6. Key Findings for Personality Emergence
6.1 Mechanisms That Create Behavioral Divergence
Identified mechanisms:
- Sequential decision points: Thought-Action-Observation loops create choice points
- Error recovery styles: Agents develop consistent retry/backtrack/escalate patterns
- Tool preferences: Frequency and selection patterns persist across tasks
- Reflection content: What agents focus on in self-reflection shapes future behavior
- Resource management: Budget-aware behavior creates agent “personalities”
- Persona + ToM prompts: Explicit identity assignment creates differentiation
6.2 What Can Be Measured
Quantifiable behavioral traits:
- Reasoning verbosity: Mean tokens per thought
- Tool call frequency: Calls per task, per tool
- Error recovery latency: Steps before backtracking
- Reflection depth: Tokens of self-reflection
- Planning horizon: Average subgoal depth
- Coordination frequency: Messages to other agents
These can be tracked over time to identify stable patterns vs. noise.
6.3 What Remains Unknown
Open questions:
- Stability vs. drift: How long do behavioral patterns persist?
- Measurement frequency: How many tasks needed to identify a trait?

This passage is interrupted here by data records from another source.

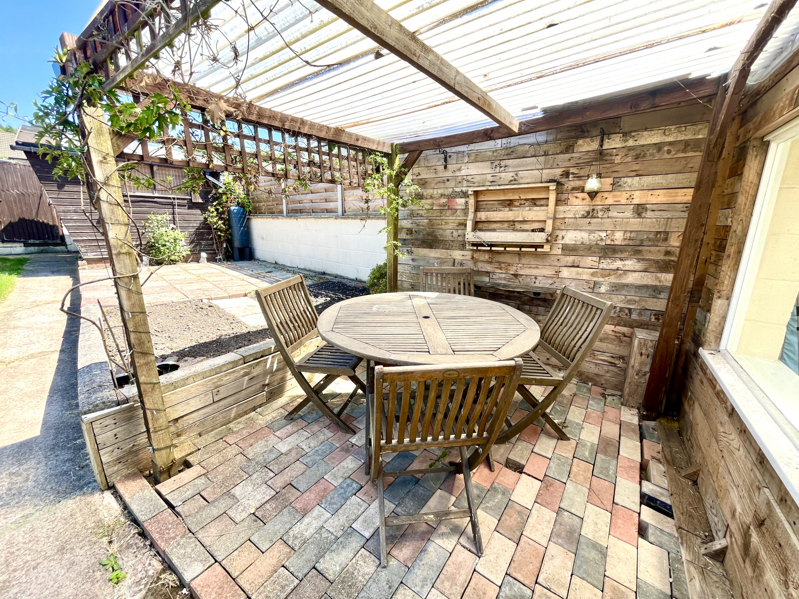 To the rear the spacious and bright garden is laid mainly to lawn with secure fenced boundaries. Having a large paved patio area and additional charming pergola with blocked paving. Raised flowering borders and a wooden summerhouse. Gated rear access to garage and driveway.
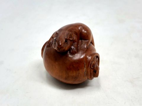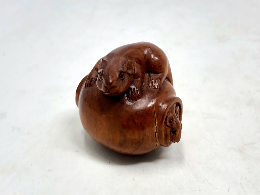A Japanese carved fruitwood netsuke - Rats on a barrel.
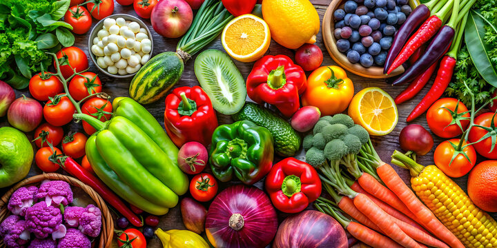 Vibrant array of colorful, fresh fruits and vegetables, market, vibrant, array, colorful, fresh, fruits, vegetables, farm

- Cross-domain consistency: Do agents maintain personality across task types?
- Social influence: How do peer agents shape each other’s behavior?
- Identity editing: Can agents deliberately change their own personalities?

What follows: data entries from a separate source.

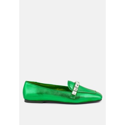 Churros Green Metallic Diamante Leather Loafers
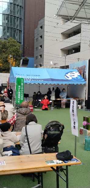 天神クリスマスマーケットとの連携により、イルミネーションに彩られた会場では、真北聖子さんのトーク&ライブをはじめ、音楽・ダンス・バザーなど多彩なプログラムが行われ、多くの来場者で賑わいました。
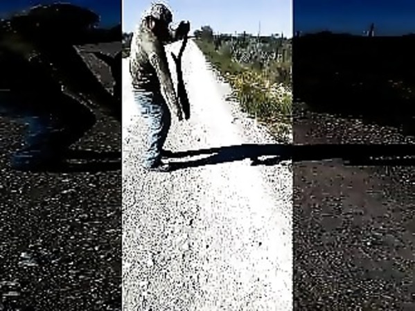 UN HOMME S’AMUSE AVEC UN SERPENT INDIGO
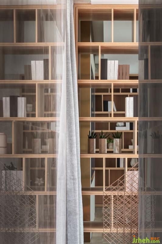 沙盤區(qū)和接待廳原始結(jié)構(gòu)不規(guī)整,其二層處分別為窗體、辦公走廊,空間界線模糊。因而室內(nèi)設(shè)計師以金屬古銅橫向固定木格柵結(jié)構(gòu),序列化挑空區(qū)域,隔而不斷,形成一種空間透明性,又達(dá)到虛實相間的效果。平衡對稱的布局銜接大廳和沙盤區(qū),現(xiàn)代與傳統(tǒng)和諧交匯。忠于空間本質(zhì)功能,沙盤模型在這里最直觀的展示。
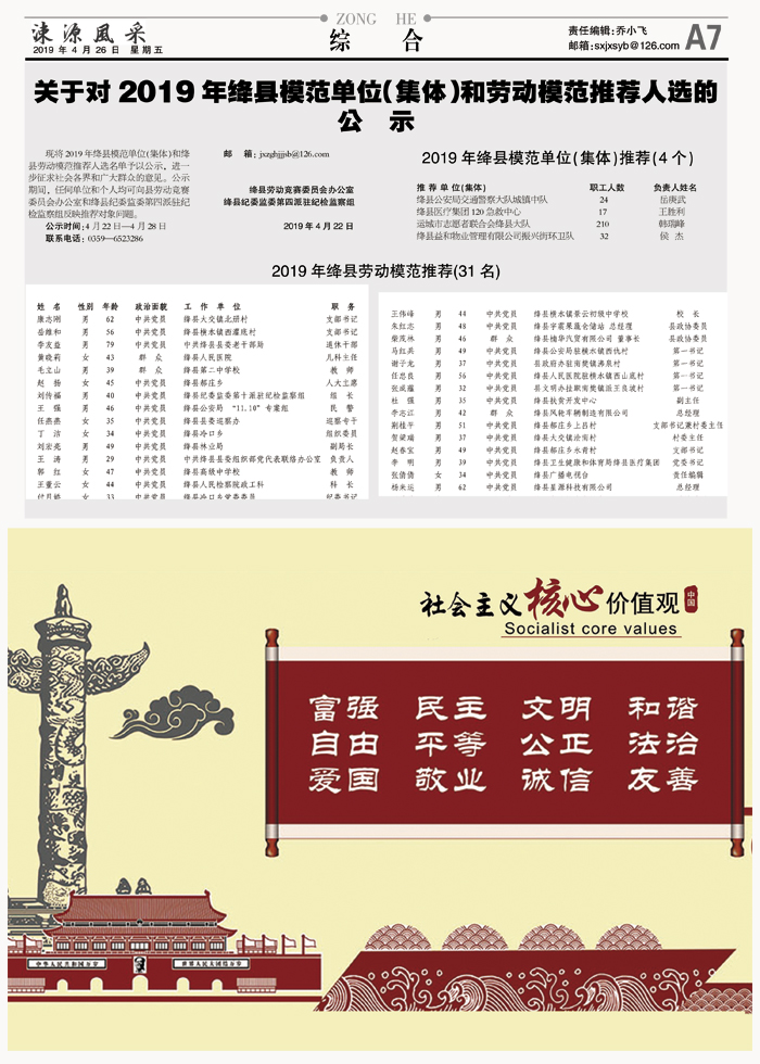 关于对2019年绛县模范单位(集体)和劳动模范推荐人选的公 示

7. Implications for Fleet Architecture
7.1 For SOUL.md Design
Findings suggest:
- Identity assignment matters: Stable agent names + domains create differentiation
- Theory of Mind prompts help: “Consider what other agents would think”
- Reflection mechanisms are critical: Agents need structured self-reflection
- Resource constraints create style: Explicit budgets force personality
SOUL.md should include:
- Agent name and domain (identity anchor)
- Resource management defaults (thrifty vs. thorough)
- Reflection triggers (when to self-reflect)
- Coordination mindset (ToM prompt)
7.2 For Memory Architecture
Findings suggest:
- Reflection storage: Long-term memory for self-reflections
- Tool usage logs: Track frequency and success rates
- Error recovery patterns: Store backtracking behaviors
- Coordination history: Messages to/from other agents
Memory enables emergence by providing historical context for behavioral patterns.
7.3 For Peer Review System
Findings suggest:
- Role-based specialization works: Reviewer vs. producer roles
- Personality-driven review: Agent’s style shapes review focus
- Cross-agent observation: Agents learn from watching each other
Peer review creates social feedback that shapes personality over time.
8. References
Core Papers
- ReAct: Yao et al., 2022. “ReAct: Synergizing Reasoning and Acting in Language Models.” arXiv:2210.03629
- Reflexion: Shinn et al., 2023. “Reflexion: Language Agents with Verbal Reinforcement Learning.”
- Self-Reflection: Renze, 2024. “Self-Reflection in LLM Agents: Effects on Problem-Solving Performance.” arXiv:2405.06682
- Emergent Coordination: Riedl et al., 2025. “Emergent Coordination in Multi-Agent Language Models.” arXiv:2510.05174
- Multi-Agent Collaboration: Nguyen et al., 2025. “Multi-Agent Collaboration Mechanisms: A Survey of LLMs.” arXiv:2501.06322
- OdysseyBench: Wang et al., 2025. “OdysseyBench: Evaluating LLM Agents on Long-Horizon Complex Office Application Workflows.” arXiv:2508.09124
- AvaTaR: NeurIPS 2024. “AvaTaR: Optimizing LLM Agents for Tool Usage via Contrastive Reasoning.”
Workshops & Venues
- NeurIPS 2025 Workshop on Multi-Turn Interactions in LLMs
- ICLR 2026 Workshop on Memory for LLM-Based Agentic Systems (MemAgents)
- Survey on Evaluation: arXiv:2503.16416
Practical Resources
- PromptingGuide.ai: ReAct, Reflexion, Function Calling guides
- LangChain Blog: Planning for Agents (October 2025)
- Lil’Log: LLM Powered Autonomous Agents (Lilian Weng)
Next Steps
Phase 1.2: Long-term Memory for Agents
- Episodic vs. semantic memory architectures
- Retrieval policies and consolidation
- Memory’s role in behavioral persistence
Phase 1.1 complete. Moving to Phase 1.2.